> **WHAT YOU HAVE TO DO**
An exact copy of the lines of the listing below between the "刘亦菲微博也没闲着,还为杨幂女士打广告。" line and the "Handcrafted in 14k" line, both included, is the whole answer; please omit the pictures.

> **EXCERPTED RECORDS**
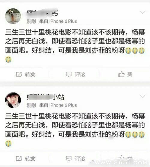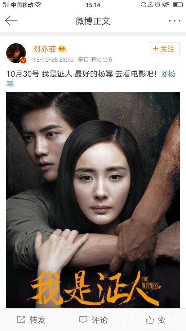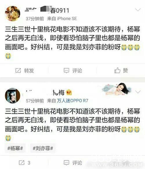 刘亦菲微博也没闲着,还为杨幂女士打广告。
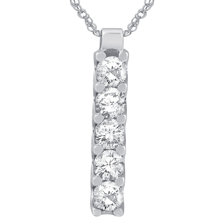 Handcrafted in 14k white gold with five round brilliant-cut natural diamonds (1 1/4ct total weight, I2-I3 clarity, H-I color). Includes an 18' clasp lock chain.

--

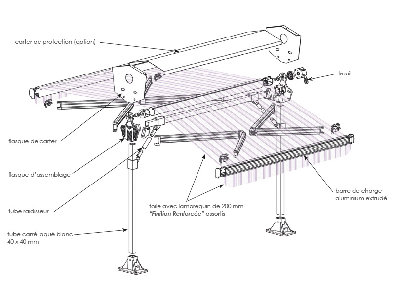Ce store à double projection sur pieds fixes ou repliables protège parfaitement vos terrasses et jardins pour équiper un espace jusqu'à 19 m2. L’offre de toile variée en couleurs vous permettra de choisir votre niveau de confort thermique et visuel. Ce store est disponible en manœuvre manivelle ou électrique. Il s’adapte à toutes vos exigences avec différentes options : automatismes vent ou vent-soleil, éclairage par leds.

> **SOLUTION TO THIS PROBLEM**
 刘亦菲微博也没闲着,还为杨幂女士打广告。
 Handcrafted in 14k white gold with five round brilliant-cut natural diamonds (1 1/4ct total weight, I2-I3 clarity, H-I color). Includes an 18' clasp lock chain.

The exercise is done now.